22: Modeling categorical relationships

  • Page ID
    7661
  • 22 Modeling categorical relationships

    So far we have discussed the general concept of statistical modeling and hypothesis testing, and applied them to some simple analyses. In this chapter we will focus on the modeling of categorical relationships, by which we mean relationships between variables that are measured qualitatively. These data are usually expressed in terms of counts; that is, for each value of the variable (or combination of values of multiple variables), how many observations take that value? For example, when we count how many people from each major are in our class, we are fitting a categorical model to the data.

    22.1 Example: Candy colors

    Let’s say that I have purchased a bag of 100 candies, which are labeled as having 1/3 chocolates, 1/3 licorices, and 1/3 gumballs. When I count the candies in the bag, we get the following numbers: 30 chccolates, 33 licorices, and 37 gumballs. Because I like chocolate much more than licorice or gumballs, I feel slightly ripped off and I’d like to know if this was just a random accident. To answer than question, I need to know: What is the likelihood that the count would come out this way if the true probability of each candy type is the averaged proportion of 1/3 each?

    22.2 Pearson’s chi-squared test

    The Pearson chi-squared test provides us with a way to test whether observed count data differs from some specific expected values that define the null hypothesis:

    χ2=i(observediexpectedi)2expectedi \chi^2 = \sum_i\frac{(observed_i - expected_i)^2}{expected_i}

    In the case of our candy example, the null hypothesis is that the proportion of each type of candies is equal. To compute the chi-squared statistic, we first need to come up with our expected counts under the null hypothesis: since the null is that they are all the same, then this is just the total count split across the three categories (as shown in the Table). We then take the difference between each count and its expectation under the null hypothesis, square them, divide them by the null expectation, and add them up to obtain the chi-squared statistic.

    Table 22.1: Observed counts, expectations under the null hypothesis, and squared differences in the candy data
    Candy Type count nullExpectation squared difference
    chocolate 30 33 11.11
    licorice 33 33 0.11
    gumball 37 33 13.44

    The chi-squared statistic for this analysis comes out to 0.74, which on its own is not interpretable, since it depends on the number of different values that were added together. However, we can take advantage of the fact that the chi-squared statistic is distributed according to a specific distribution under the null hypothesis, which is known as the chi-squared distribution. This distribution is defined as the sum of squares of a set of standard normal random variables; it has a number of degrees of freedom that is equal to the number of variables being added together. The shape of the distribution depends on the number of degrees of freedom. The left panel of Figure 22.1 shows examples of the distribution for several different degrees of freedom.

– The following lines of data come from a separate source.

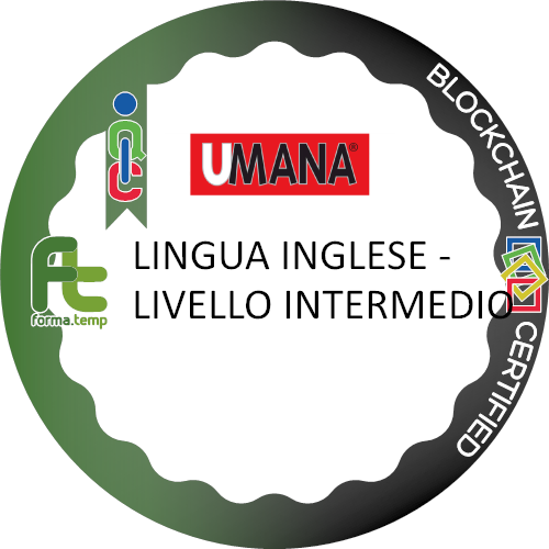 Il proprietario di questo Badge ha partecipato ad un percorso formativo, promosso da Umana Spa e realizzato da Umana Forma Srl in collaborazione con ForIt società cooperativa a R.L. attraverso il finanziamento del Fondo Forma.Temp, finalizzato a fornire ai discenti strumenti utili per la comprensione della lingua inglese livello intermedio.
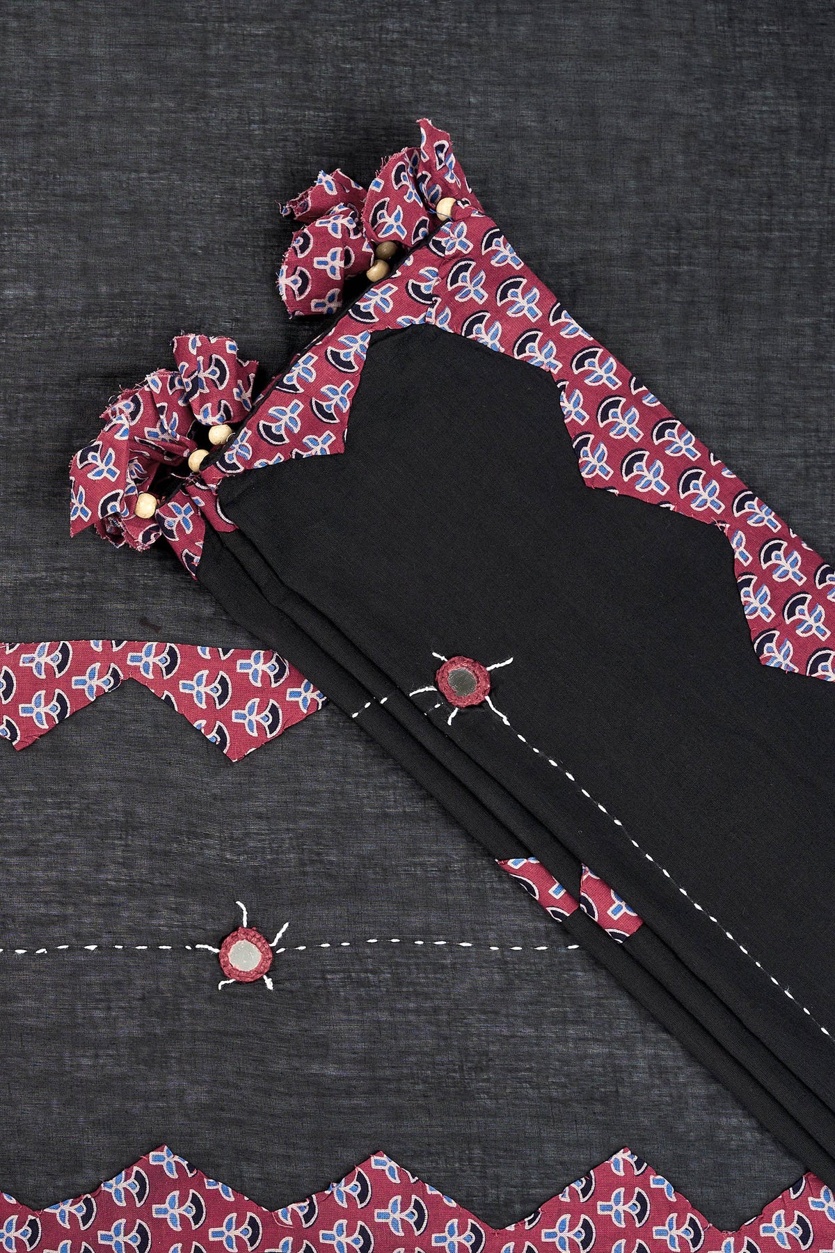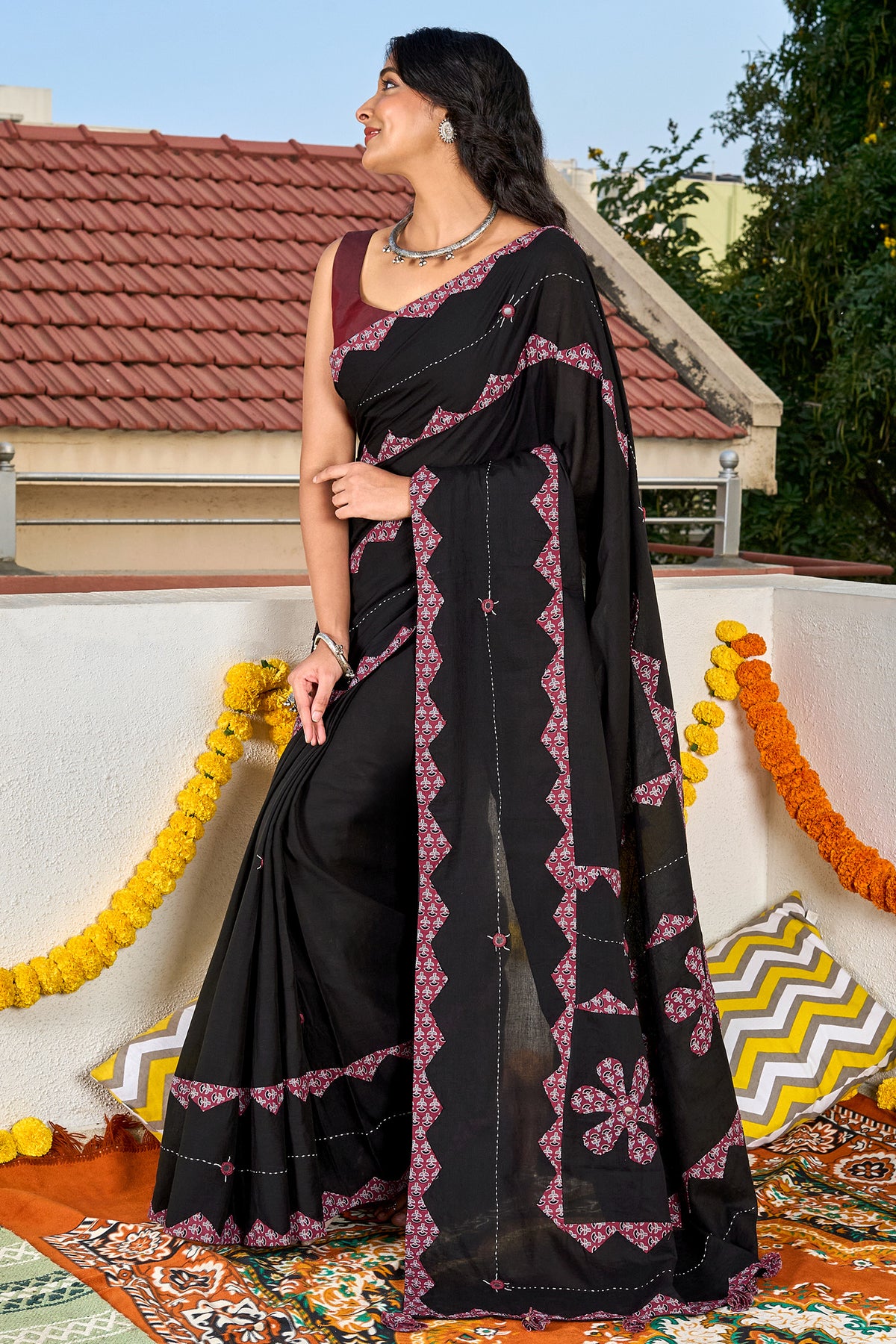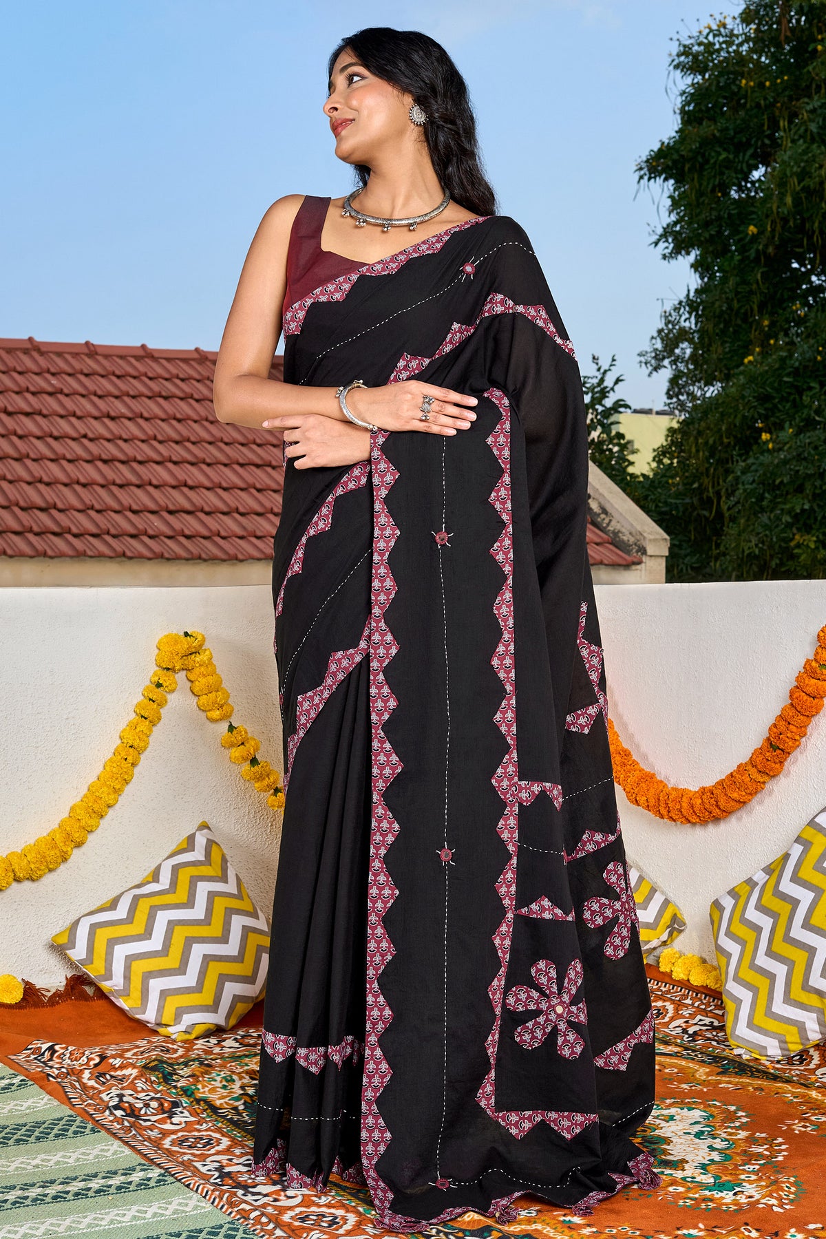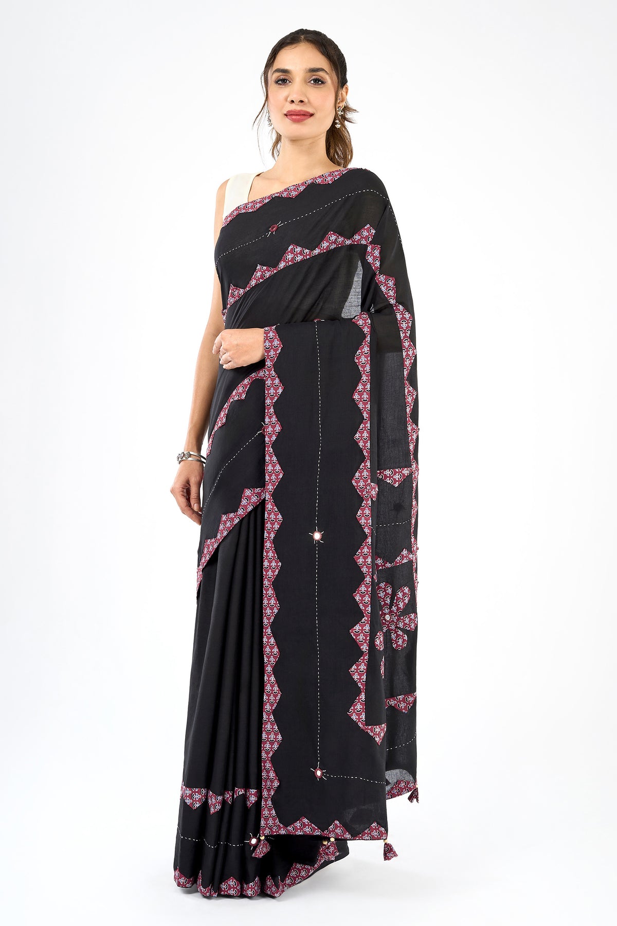 Dyutima Black Applique & Mirror Work Saree
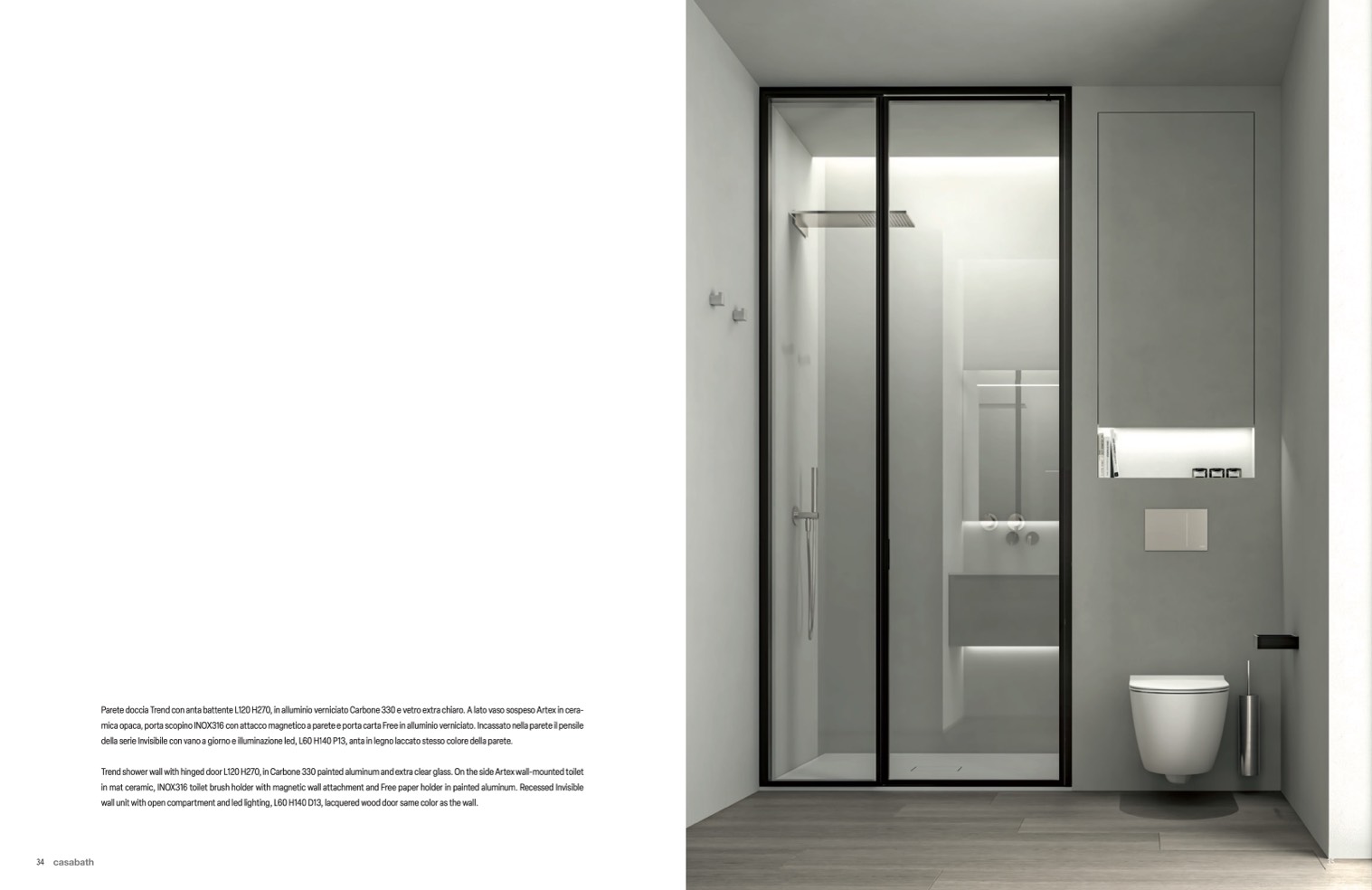 Trend shower wall with hinged door L120 H270, in Carbone 330 painted aluminum and extra clear glass. On the side Artex wall-mounted toilet
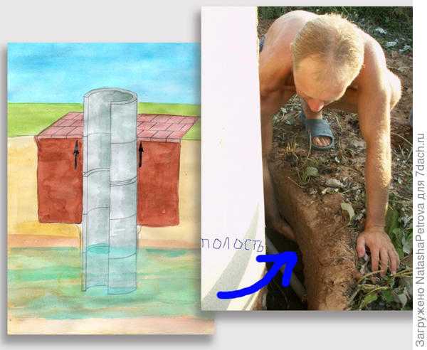 Это дает возможность, образовавшемуся глиняному замку, препятствовать попаданию верховодки в колодец, которая несет в себе удобрения и разные органические вещества, вымываемые из почвы.
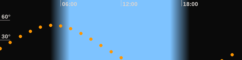 | Höchster Stand (Kulmination) | 05:16 Uhr (h = 52,5°) |
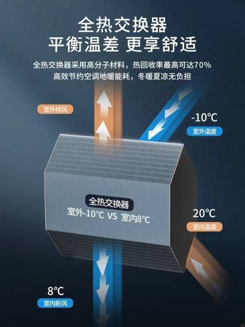 同理,在冬季则可以更大程度地保证我们的舒适度。众所周知冬季的气温非常寒冷,如果没有全热交换,那么暖气房里的热量会大量流失,并且室外的寒冷空气也会源源不断地进入室内,那么暖气就形同虚设,大大降低了我们的舒适度,而如果有全热交换,那么在室外的冷气进入室内的时候,则会从暖气房排出的热气吸入热量,从而保证我们的舒适度。
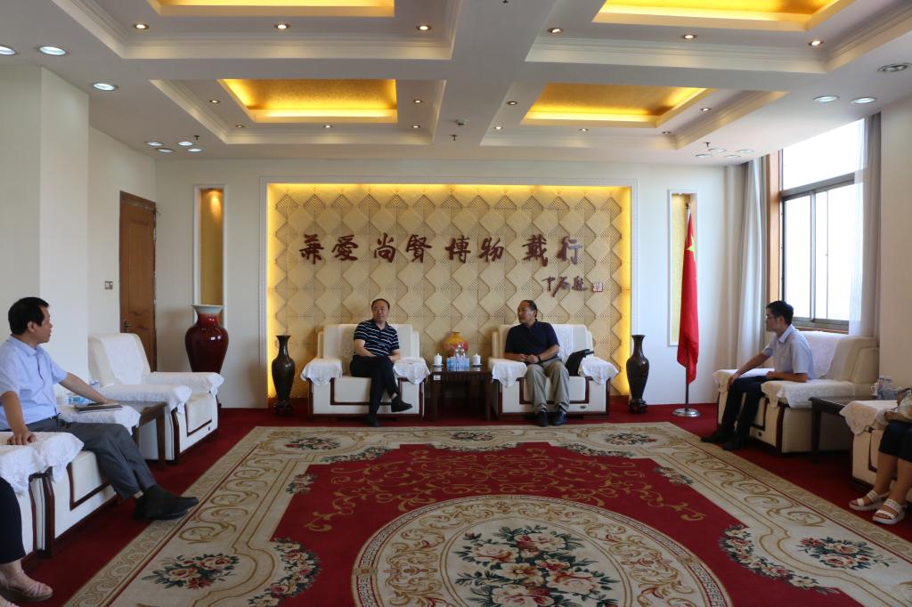2019-08-218月20日上午,烟台大学党委宣传部部长、新闻中心主任于秀国一行8人来我校考察交流,校党委书记曹胜强、副书记曾宪明在综合楼八楼接待室会见于秀国一行。曹胜强对于秀国一行表示欢迎,希望两校宣传工作加强沟通交流,...
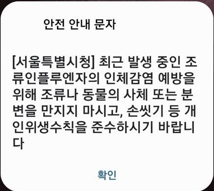 서울시는 이날 오후 4시 28분께 안전 안내 문자를 통해 "조류인플루엔자의 인체 감염 예방을 위해 동물의 사체 또는 분변을 만지지 말고, 손씻기 등 개인 위생수칙을 준수해달라"고 요청했다.

    Left: Examples of the chi-squared distribution for various degrees of freedom.  Right: Simulation of sum of squared random normal variables.   The histogram is based on the sum of squares of 50,000 sets of 8 random normal variables; the dotted line shows the values of the theoretical chi-squared distribution with 8 degrees of freedom.

    Figure 22.1: Left: Examples of the chi-squared distribution for various degrees of freedom. Right: Simulation of sum of squared random normal variables. The histogram is based on the sum of squares of 50,000 sets of 8 random normal variables; the dotted line shows the values of the theoretical chi-squared distribution with 8 degrees of freedom.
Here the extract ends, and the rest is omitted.